§ **Task to complete**: Copy word for word the lines of the records below, beginning at the one with "而在第二局中,拿出了梦魇上单" and finishing at the one with "聚码网 八年级 八年级上语文第6单元测试卷", ends included, but none of the pictures.

(Exercise input)

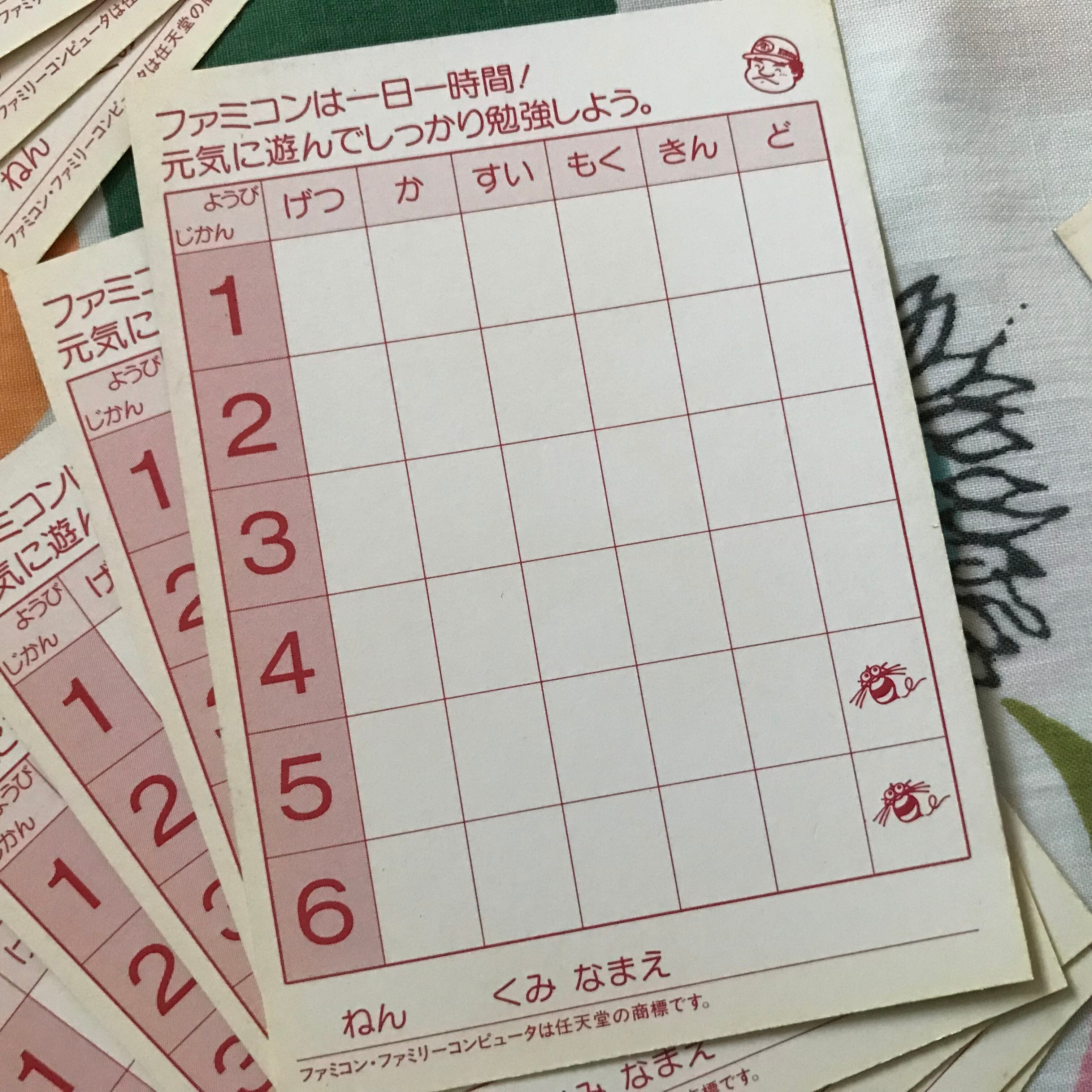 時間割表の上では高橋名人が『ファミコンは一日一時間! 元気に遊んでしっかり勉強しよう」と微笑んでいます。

(End Exercise input)
(Exercise input)

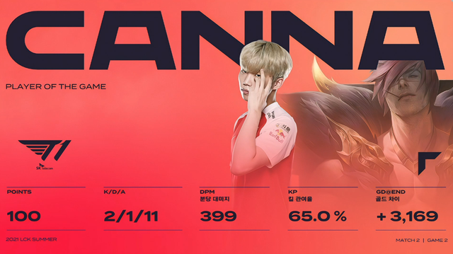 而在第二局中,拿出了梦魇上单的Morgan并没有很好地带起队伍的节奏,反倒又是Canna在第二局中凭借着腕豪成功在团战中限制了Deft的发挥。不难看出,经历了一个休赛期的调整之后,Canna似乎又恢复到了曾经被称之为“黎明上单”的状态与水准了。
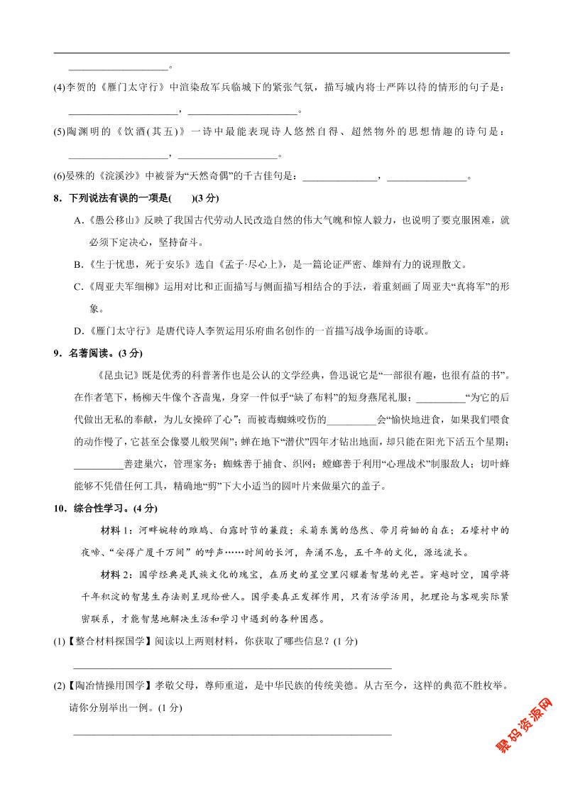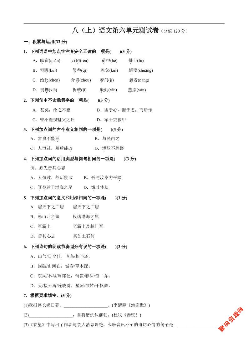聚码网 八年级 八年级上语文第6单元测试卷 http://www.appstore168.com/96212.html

(End Exercise input)
(Exercise input)

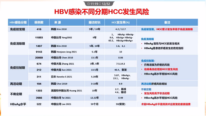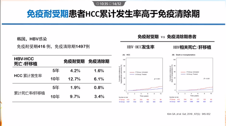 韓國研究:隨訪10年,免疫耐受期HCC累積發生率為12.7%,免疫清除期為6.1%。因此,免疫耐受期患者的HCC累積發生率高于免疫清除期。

(End Exercise input)

§ **Solution to the exercise**:
 而在第二局中,拿出了梦魇上单的Morgan并没有很好地带起队伍的节奏,反倒又是Canna在第二局中凭借着腕豪成功在团战中限制了Deft的发挥。不难看出,经历了一个休赛期的调整之后,Canna似乎又恢复到了曾经被称之为“黎明上单”的状态与水准了。
聚码网 八年级 八年级上语文第6单元测试卷 http://www.appstore168.com/96212.html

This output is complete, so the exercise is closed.